Thank you for response. It has addressed most of my concerns, and I will take these clarifications into account when finalizing my rating.

评论

We are truly grateful that our response has addressed most of your concerns. We would like to once again express our gratitude to the reviewer for the time and efforts dedicated to our paper, as well as for the valuable suggestions provided on it!

Best regard,

All authors in submission27091

评论

Dear Reviewers

Thanks for participating in discussion. The author-reviewer discussion period is extended to Aug. 8, 11:59PM AoE.

If you have not yet, I kindly ask you to

  • Read the author rebuttal and other reviews.
  • Post your response to the author rebuttal as soon as possible.
  • Engage in discussion with the authors and other reviewers where necessary.

It is not permitted by the conference policy that a reviewer submits mandatory acknowledgement without a single reply sentence to author rebuttal.

If you have already engaged in author-reviewer discussion, I sincerely thank you. If not, I kindly ask you to engage in discussion.

Thank you very much for your help.

Best regard,

AC

评论

Dear Reviewers

Thank you again for participating in reveiwer-author discussion.

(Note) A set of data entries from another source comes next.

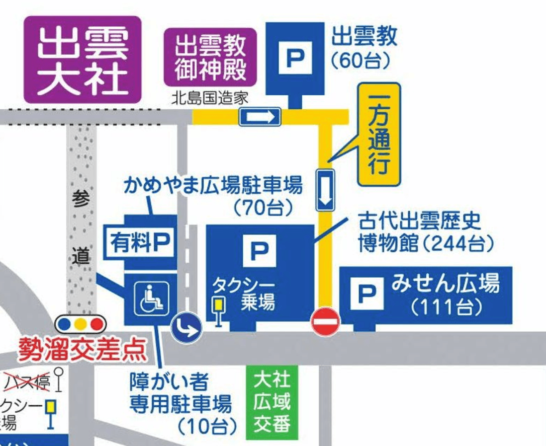 宮内交差点は大社小学校方面からの一方通行となり、稲佐の浜および、勢溜方面からの右左折は不可。また、大社の神楽殿方向からの直進も不可。
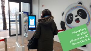 L’accoglienza è la stessa: tute bianche coprenti per gli addetti alla sicurezza. Questa volta dietro gli occhialoni di plastica, uno sbattito di ciglia folti e una voce femminile che mi chiede con garbo di avvicinarmi al dispositivo rilevatore di presenza facciale. E, come per magia, il mio volto compare sul display della macchina.
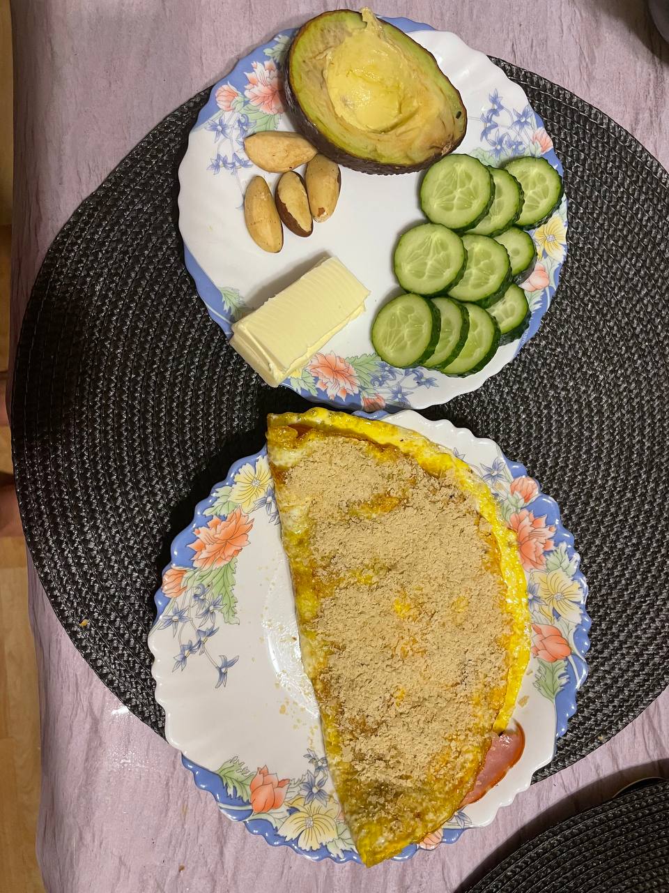 Утро: 2ч.л шрота натощак, после завтрак через 40 мин: 3 яйца жаренные на оливковом, с помидорками черри, беконом, моцареллой+посыпано дрожжами. Сыр+масло, половинка авокадо, огурец, бразильские орешки (очень люблю их и купили их 2 кг, поэтому развлекаюсь с ними)+кофе зерновой. Это было в 5:30-6 утра. Обед (ужин)в 16:00: запеканка из куриного филе бедра в сливках 35%, с грибами, укропом и моцареллой. Овощей не захотела никаких, поэтому без них. ЯУ не могу пить перед едой, ощущения не приятные, поэтому пью после. Сегодня аппетита нет почти, днем поела т.к совсем очень вяло себя чувствовала. +начались кд, подташнивает чуть.
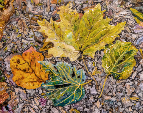 Gary Grissom, Leaves on Rocks, oil on panel, 11" x 14"
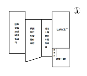 起火單位是陜西某汽車零配件銷售公司,主要經(jīng)營汽車配件,起火建筑為單層鋼結(jié)構(gòu)建筑,建筑面積2000平方米,南北長60米,東西長35米,從中間分隔后分為兩個庫房,其中靠東邊的庫房租賃給湖北十堰某汽車配件公司做庫房,剩余部分自己使用,東北側(cè)為某鈦板加工廠,東南側(cè)為某鈦棒打磨廠,西側(cè)為某鍛熱機械公司(見圖1)。其中陜西某汽車零配件公司和湖北十堰某汽車配件公司兩個庫房全部過火(見圖2)。鈦板加工廠,單層鋼結(jié)構(gòu),建筑面積1400平方米,主要經(jīng)營鈦板的切割,廠房西南角局部過火(見圖3)。某鈦棒打磨廠,單層鋼結(jié)構(gòu)建筑,建筑面積1000平方米,主要經(jīng)營鈦棒打磨,其單位西側(cè)與湖北十堰某汽車配件庫房緊挨的危廢庫房彩鋼板頂部過火(見圖4)。這4家企業(yè)之間僅使用單層鐵皮分隔。位于汽車配件庫房西側(cè)的某鍛熱機械設(shè)備有限公司,單層彩鋼板建筑,面積2800平方米,廠房東側(cè)彩鋼板局部過火。
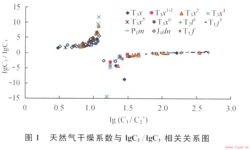 從天然氣的干燥系數(shù)與重?zé)N關(guān)系圖上看(圖1),上三疊統(tǒng)的天然氣干燥系數(shù)相對較低、重?zé)N含量相對較高,具有低熟自源氣的特征。部分上三疊統(tǒng)氣井的天然氣展示出干燥系數(shù)較高、重?zé)N比值較低的特征,與下伏層系產(chǎn)出的天然氣混為一體,表明這些氣藏(井)有深部氣源混入。

The reviewer-author discussion is coming to an end soon. If you did not submit mandatory acknowledgement yet, please submit the ack, final score and justification by the end of the reviewer-author discussion period.

Thanks.

Area Chair

最终决定

The paper proposes a systematic training method to cope with communication loss in multi-agent reinforcement learning with communication. With the availability assumption of ideal communication at the training phase, the authors used the communication loss prediction model based on communication link modeling. Then, the authors identified correctly received messages and lost messages and generated a shaped reward for training, boosting the impact of correct message and suppressing the impact of lost messages, based on bounds on mutual information. The idea flow is natural and systematic, and the proper use of lower and upper bounds of mutual information is interesting. The proposed method shows better performance than previous message-dropout. So, AC recommends the acceptance of the paper.